The Hatful Eight

So, I ventured forth tonight in search of popcorn, caffeine, and a movie.

What were my choices at the lovely LaGrange Theater?

Star Wars: The Force Awakens

LOOK AT ALL THAT MOTHERFUCKING LIGHTSABER ACTION

Nah, didn’t want to see it.  I saw this already.  It was pretty good.  I didn’t mind it.  It was okay.  I was not offended or horrified.  It wasn’t bad.

 

The Finest Hours

LOOK AT ALL THAT MOTHERFUCKING STORM ACTION

 

No, don’t know much about it, didn’t really wanna see it.  Hey, Disney — Mark Wahlberg and John C. Reilly and George Clooney and Mark Wahlberg called (Mark Wahlberg forgot he called the first time).  They want their mediocre storm movie from the 2000s that I never saw back.

 

The Big Short

LOOK AT ALL THAT MOTHERFUCKING WHITE GUY ACTION

 

I will probably will see this, because Brad Pitt wears glasses and has a beard.  Plus, I hate greed and corporations.  And how interesting does Brad Pitt look, anyways?  He looks like he could teach an art class at a local community college.  Still, not going to see this movie today.

 

Tonight, I wanted to see a 3-hour movie that didn’t start until 9:00pm on a Tuesday evening.  Yes, I am talking about…

THE HATEFUL EIGHT

LOOK AT ALL THOSE MOTHERFUCKING PEOPLE BOXES IN THE LOWER FOURTH OF THE MOVIE POSTER

 

I thought there were a fair amount of hats in the movie, but not enough to warrant the title “Hatful”.  Still, I liked the subtle nod to the Smiths record, as well as Kurt Russell’s character name Johnny Marr.

Speaking of subtle nods, I counted some of them.

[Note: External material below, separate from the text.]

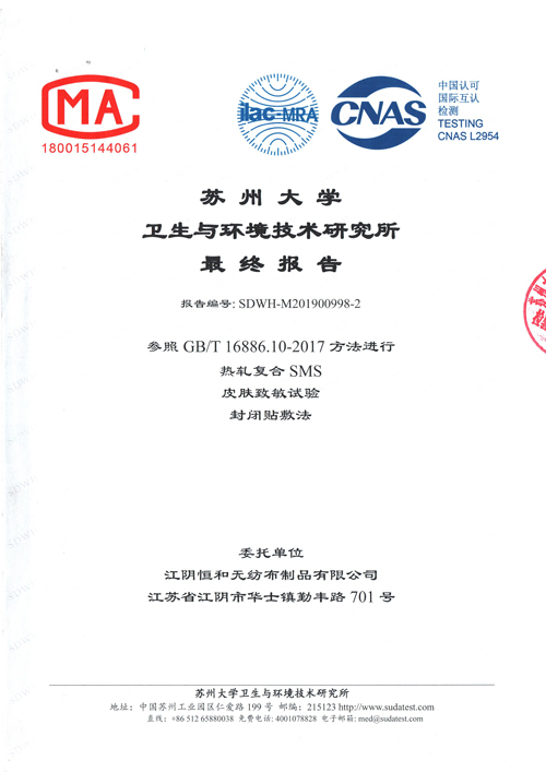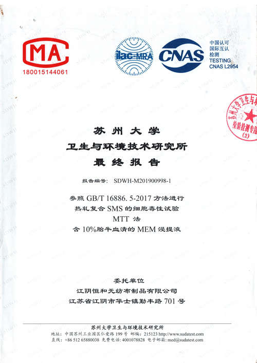 Product report of non-woven fabric

  1. The movie takes place in a cold, snowy, inhospitable environment, like John Carpenter’s The Thing.
  2. The movie takes place with a reasonably large group of people stuck together in a small, enclosed space, who increasingly distrust and suspect each other, like John Carpenter’s The Thing.
  3. The movie prominently features Kurt Russell, the star of John Carpenter’s The Thing.
  4. The movie’s soundtrack is written by Ennio Morricone, who composed the soundtrack for John Carpenter’s The Thing.
  5. Part of the movie soundtrack was actually taken from an unused piece of the soundtrack to John Carpenter’s The Thing.

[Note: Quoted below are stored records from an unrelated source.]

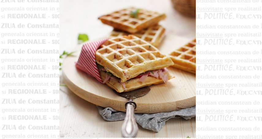 Waffe sarate cu sunca si cascaval – Ingrediente (6 bucati)150 g faina alba de grau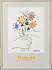 PABLO PICASSO. "Hand mit Blumen". Gerahmtes Poster, USA, 1981.
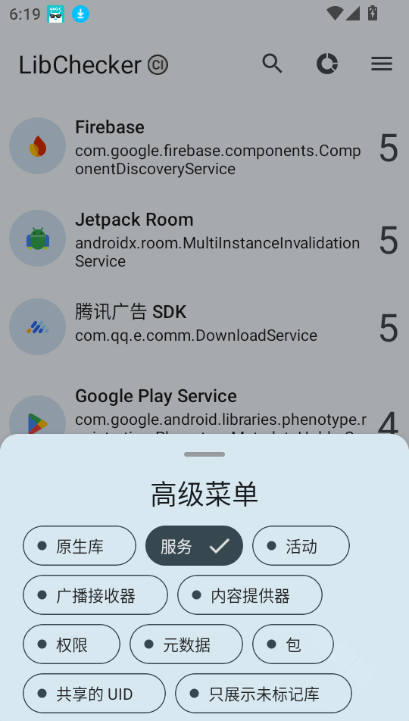LibChecker具备若干基础功能,比如可以查看并统计App的ABI架构(32位/64位),还能查看原生库以及四大组件,即服务、活动、广播接收器和内容提供器。

No, I didn’t look up #5 on some trivia page on the IMDB.  I have the soundtrack to John Carpenter’s The Thing on COMPACT DISC.  I *RECOGNIZED* that song.

HOW MUCH MOTHERFUCKING MONEY DID I SPEND ON CDs BACK IN THE DAY? A FAIR AMOUNT OF MONEY.

 

So, there are some hats in the movie.  And also, some hateful people.  I really don’t know how I’m supposed to have a lot of compassion or even interest for people that I find exceedingly unpleasant.  I didn’t really care about anyone.  Everyone was loud, annoying, and violent.  I imagine I would have a similar experience if I ever took up Quentin Tarantino’s offer to play paintball with him and Eli Roth in the Upper Peninsula of Michigan.  Not gonna happen, fellas.

This felt good.  I blogged.  I did it.  If you’ll allow me one humorous gif I did not create, hey, Immortan Joe, what did you think of this, the 8th movie of Quentin Tarantino?

 

 

 

One thought on “The Hatful Eight

  1. Not my favourite either. I sat there wondering how long it would take for them to start killing each other and when Tatum Channing would be sprung on us. I was psyched to see Jennifer Jason Leigh again in anything but her main talent here seemed to be having gross teeth and looking like she knows how to take a punch. Zzz.